We decide to kick off our stay in Tuscany with a day in Arezzo, but first a quick trip into Lucignano, our local town, to check out the market. We are force fed handfuls of ripe cherries, slices of sweet melon, slivers of nutty mushrooms and juicy plum tomatoes by the veg stallholder. Then the local fishmonger brings us a plate of fresh calamari to try, which the vegetable seller squeezes a fresh lemon over. All of a sudden we don’t need lunch anymore! This most immediate form of marketing works well as we spend €22 on fruit and veg and return the next night for takeaway calamari and chips, although the veg man also throws in a bunch more freebies (lemon, parsley, garlic) so I’m not sure how much profit he made!
On to Arezzo to kick off our Tuscan sight-seeing marathon. First stop, the Basilica Di San Francesco, where the walls are covered with amazing Renaissance frescoes. So far, so Tuscan. But what is incredible here is that at some point the frescoes were hidden behind a Baroque interior and were only rediscovered when the furnishings were removed in the early 20th Century. Fifteen years of restoration work followed and the results are well worth a visit.
Our next port of call is the church of Santa Maria della Pieve with its jewel encrusted silver bust of St Donatus, the patron saint of Arezzo. It seems incredible that this should just be sitting in the crypt of a church, rather than being in a museum under tight security, but this seems commonplace across Tuscany (and perhaps is widespread across Italy?), that each area has its own precious object or valuable relic contained within the church.
As part of our ticket into the Basilica we also get entry to Giorgio Vasari’s House, which we had already passed on our journey into the centre of Arezzo. It’s also worth a visit to see how a Renaissance family lived and to view the stunning decoration in each of the rooms. Vasari himself clearly played an important role in this area; his name pops up time and again at each of the places we visit.
Arezzo is an interesting town to spend a day if you have plenty of time in this area, but, overall, we felt like it lacked the tranquillity of say, Assisi or Orvieto, and didn’t quite measure up to the architectural jewels of Sienna or Florence.

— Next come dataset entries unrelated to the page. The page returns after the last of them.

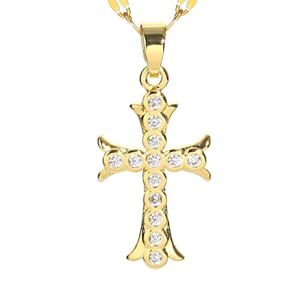 La pureté dans sa forme la plus élégante grâce à notre sensationnel collier avec petite croix en cristaux. Ce collier arbore une croix dorée délicatement sertie de zircons ronds blancs. Sa forme légèrement évasée aux extrémités crée une apparence particulièrement gracieuse et traditionnelle, apportant une touche de finesse discrète à chaque instant.
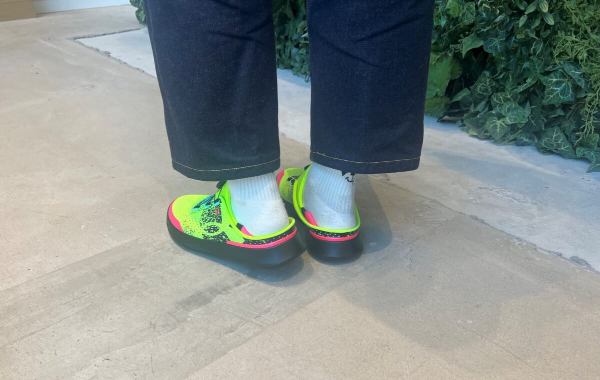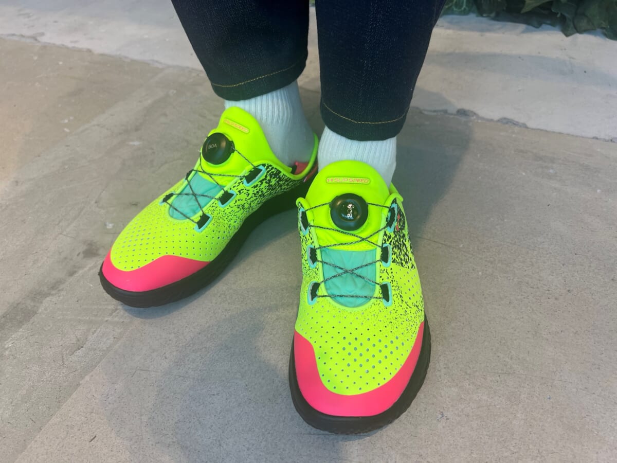 私が履かせていただいた目の冴えるようなLime Surgeというカラーのほかに、いろいろなスタイリングにも合わせやすいBlackもあります。(写真にはありませんが白地にかかと部分がピンクのPink Shockというカラーもあります。)
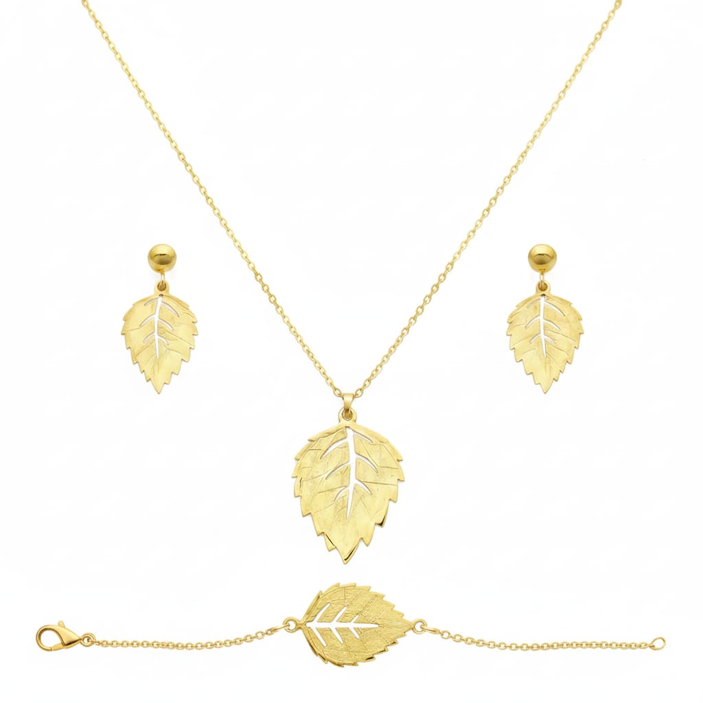 مجموعة مجوهرات من أوراق الذهب الحقيقي عيار 18 قيراط
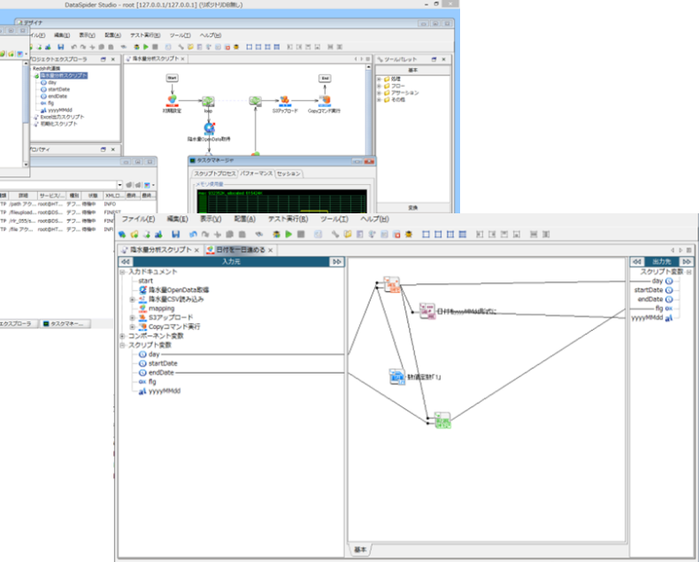 DataSpider Servistaはデータ連携フローの作成にGUIを採用。データの入出力はもちろん、変換や加工に必要な処理もアイコンのドラッグ&ドロップで行なえます。
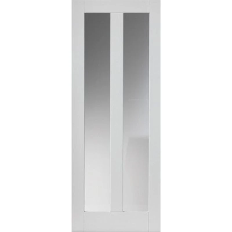 JB Kind offer a wide range of products to redesign your home, such as this white shaker style internal door with two clear glass panels, supplied ready primed.
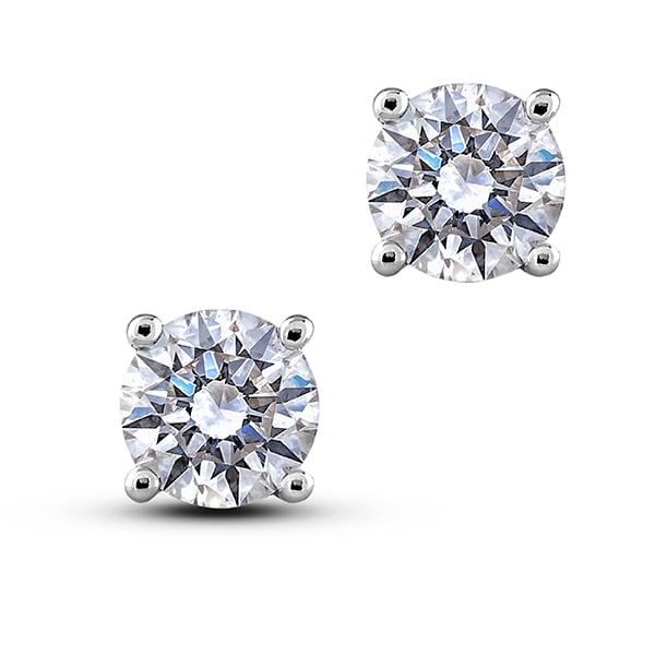 14K white gold diamond stud earrings featuring 3.00 carat total weight round brilliant cut Canadian diamonds.
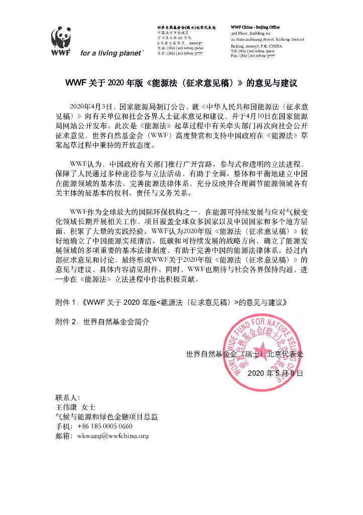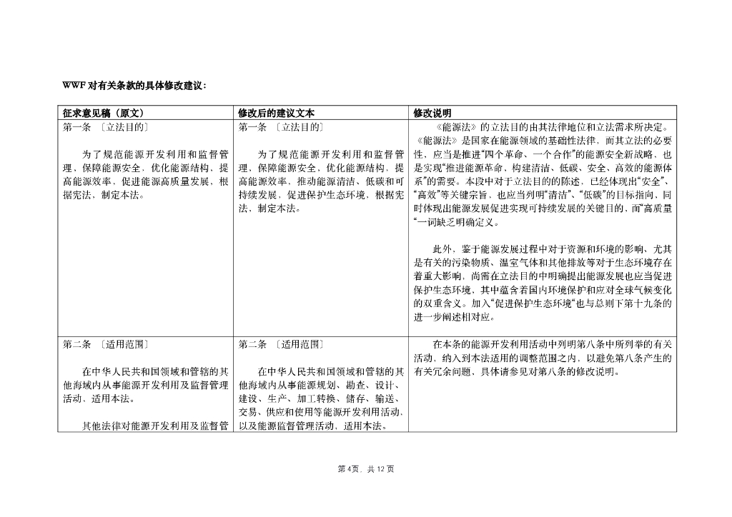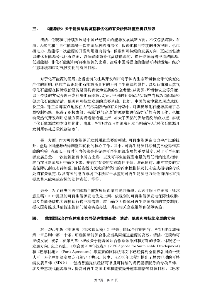 世界自然基金会:WWF关于2020年版《能源法(征求意见稿)》的意见与建议.pdf
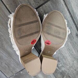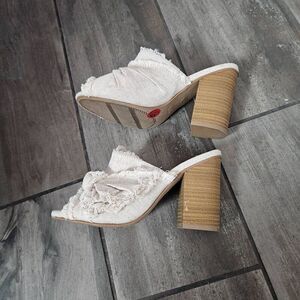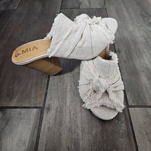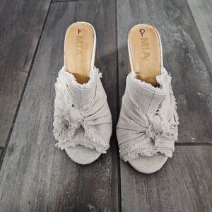The MIA Gemma Slide heels are open-toe mule-style heels with a chunky stacked wooden heel. The upper part of the shoe is made from a light, textured fabric that features frayed edges for a relaxed, boho-chic look. A large knotted bow detail dominates the front, giving the slides a feminine and playful aesthetic. These heels combine comfort with a trendy, casual vibe, making them ideal for warm-weather outfits or casual summer events. The neutral colors enhance their versatility. Note some wear on these shoes, as shown in the photos.
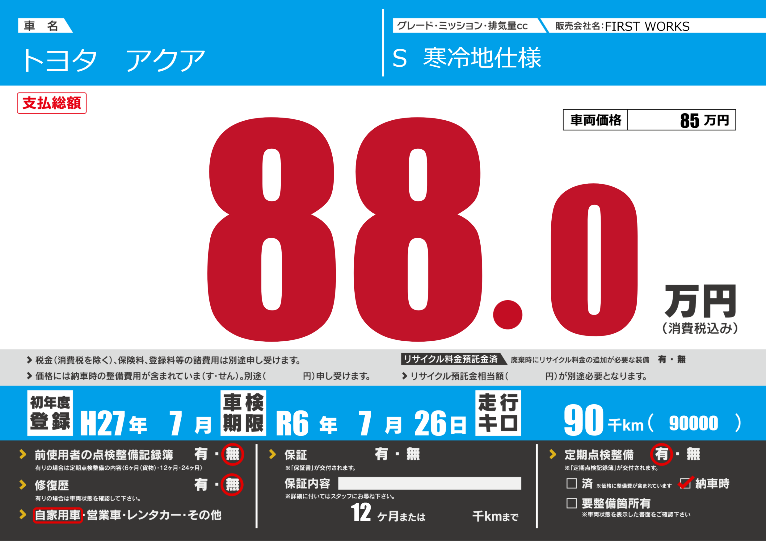 | 定期点検整備 | 定期点検整備あり 納車時あり | ||
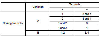 3. Supply cooling fan motor terminals with battery voltage and check operation.
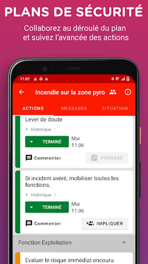 Safety plans: Facing a major event, trigger a crisis plan. Collaborate with resolution and follow the progress of the actions in the script.
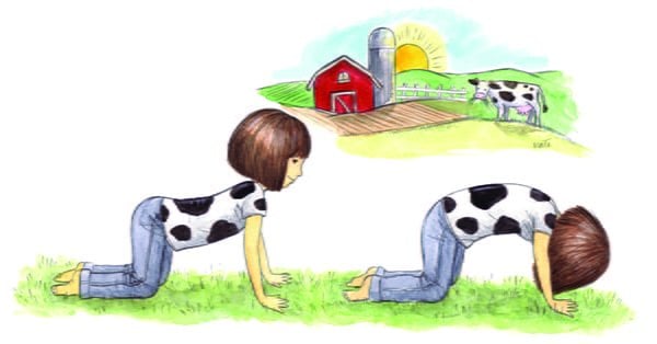 This posture stretches the spine to prepare it for other poses. Starting on all fours, arch your back and inhale through your nose. Then exhale through your nose and round your spine. Do this several times before going onto the next posture. You can even have your child say “Moo” while doing the pose.
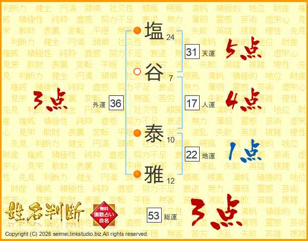 塩谷泰雅さんの総運は53画の3点!
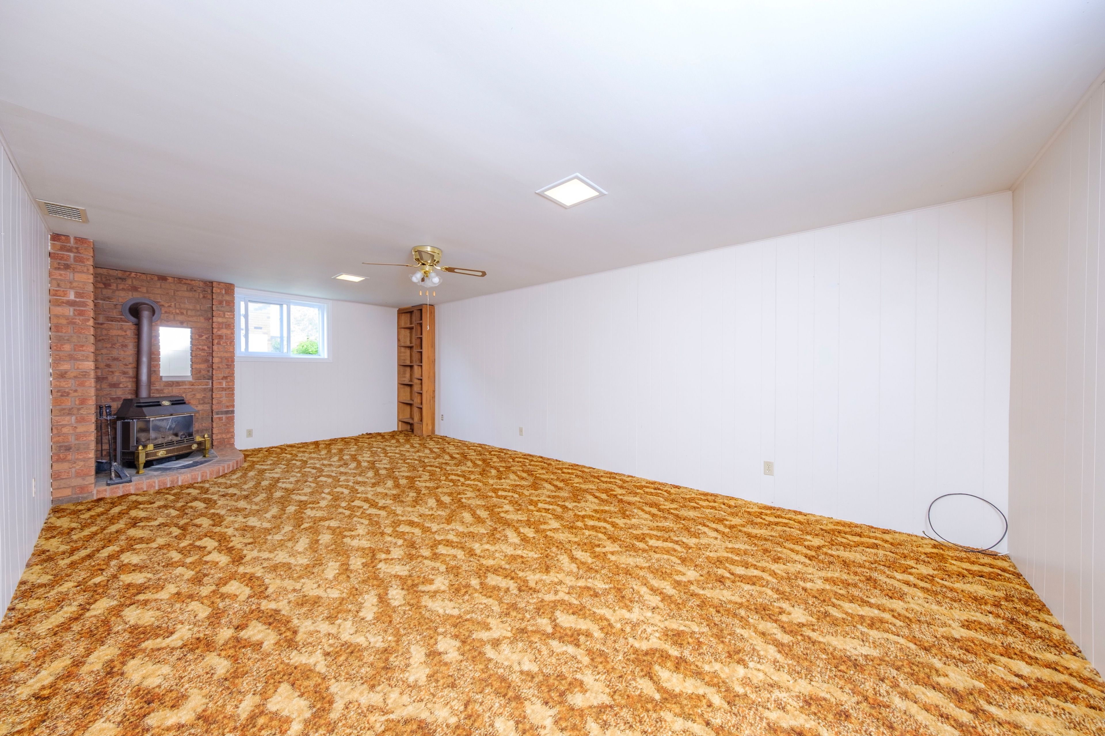 • Cozy lower-level recreation room with a fireplace for gatherings.

Before tackling either of those behemoths though, we took a spin into the Tuscan hills to the heart of Chianti country for an altogether more chilled out experience courtesy of Castello di Brolio. We arrive in time for an early lunch at the Castello’s fabulous restaurant accompanied by the famous Chianti. I must admit that the wine is not my cup of tea, but it seems fitting to sample it here in its heartland. Ben’s gingerbread semifreddo desert is the winning dish and we could sit here all day in the shade of the trees and stunning scenery. But no! We have the Castello to explore. Just when we thought we had taken the day off from religious iconography, it turns out the highlight of the castle is it’s chapel – a word which conjures up a far more humble image than the reality of gilded ceilings and stained glass windows in this place. Ben also spots some modern art by way of weird stainless steel “fallen over tulip” sculptures which are as intriguing as they are inexplicable but make for some good photographic opportunities.
When we return to the villa, our hosts have a party in full swing for the 40th birthday of the daughter of the family, which we have been invited to. It’s great to meet some locals, including an American who followed her Italian husband out here – both of whom speak perfect English. We grill them all for tips on visiting Siena and Florence, and sample wild boar stew (three days in the cooking and absolutely delicious), as well as homemade marmalade tart and lashings of red wine and port! Staying in AirBnB’s really does make travelling more interesting!